Мерта действительно была на месте. Собственно, только ее единственную Анна здесь знала. Они сердечно, точно старые подруги, поздоровались. Анна уселась на стул для посетителей и, приготовившись спрашивать, вдруг запнулась, охваченная неожиданно нахлынувшими чувствами.
– Я не буду плакать, – сказала она, хотя слезы уже катились по щекам.
– Это нелегко, – вздохнула медсестра, склонившись над упаковкой с бумажными носовыми платками.
– Я хочу знать, насколько хорошо она понимает то, что происходит вокруг нее, – сказала Анна и заговорила о своих надеждах быть узнанной и о вопросах, которые упрямо задавала матери, хотя та и ничего не понимала.
Мерта слушала, не выказывая ни малейшего удивления.
– Я думаю, что старики что-то понимают, но нам трудно себе представить, каково их восприятие. Они как новорожденные. У тебя самой двое детей, и ты знаешь, что они на все реагируют либо беспокойством, либо радостью, – ты же хорошо это помнишь?

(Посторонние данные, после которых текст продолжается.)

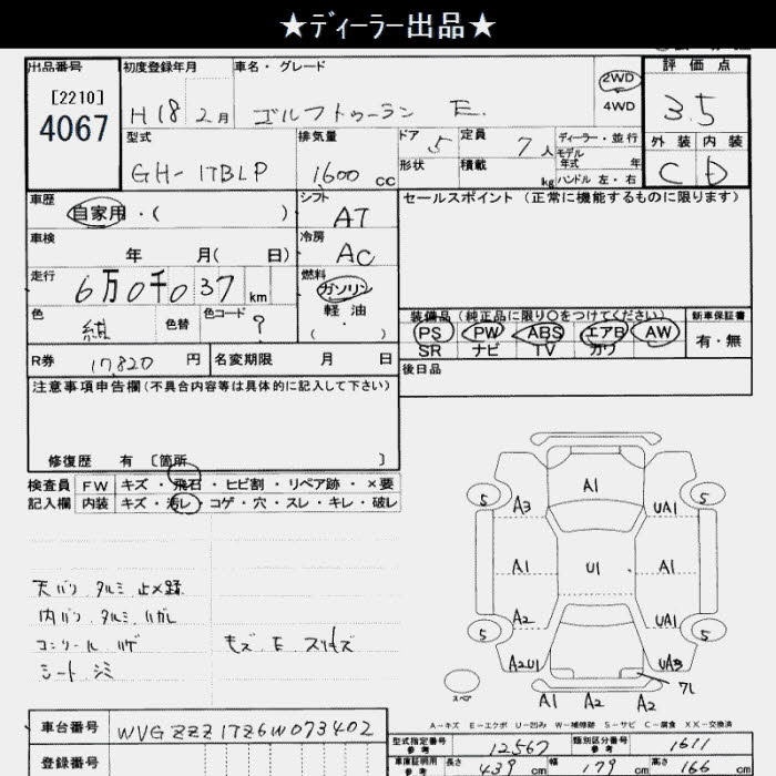 VOLKSWAGEN GOLF TOURAN - лот 4067

Нет, этого Анна не помнила, она помнила только свои ошеломляющие чувства от ласковых объятий и ощущение того, что ее счастье не помещалось ни в какие рамки. Но она поняла, о чем говорила ей медсестра – у нее было двое внуков, которые многому ее научили.
Потом Мерта, осторожно подбирая выражения, заговорила об общем состоянии стариков. Когда они укладываются в постель, найдя наконец тихую гавань, от них отступают телесные хвори и недуги.

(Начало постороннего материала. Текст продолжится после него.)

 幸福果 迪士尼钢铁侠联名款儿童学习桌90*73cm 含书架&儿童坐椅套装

– Но по ночам она иногда становится беспокойной, – продолжала медсестра. – Такое впечатление, что ее мучают страшные сны. Она просыпается и громко кричит.
– Сны?..
– Да, совершенно ясно, что это сновидения. Они все видят сны. Беда, правда, в том, что мы никогда не знаем, что снится нашим пациентам.
Анна вспомнила свою домашнюю кошку, красивое животное, которое временами, пробуждаясь ото сна, принималась царапаться и шипеть. Она устыдилась своей мысли, но Мерта не заметила ее смущения.
– Учитывая общее тяжелое состояние Юханны, мы не хотим давать ей успокоительные лекарства. Я даже думаю, что ей нужны эти сновидения.
– Нужны?..
Сестра Мерта не обратила внимания на удивление, прозвучавшее в неоконченной фразе Анны, и продолжила:
– Мы хотим перевести ее в отдельную палату. Сейчас она уже стала доставлять неудобства остальным пациенткам.
– В отдельную палату? Это возможно?
– Мы ждем, когда уйдет Эмиль из седьмой палаты, – ответила медсестра и опустила глаза.
Только отъехав от стоянки больницы, дочь Юханны поняла смысл слов, сказанных об Эмиле, старом пасторе-баптисте, чьи проповеди Анна слушала много лет. Сегодня она не задумалась о том, почему в его палате так тихо. Много лет слушала она его песни о жизни в тени смерти и о Господе, ожидающем нас на Страшном суде.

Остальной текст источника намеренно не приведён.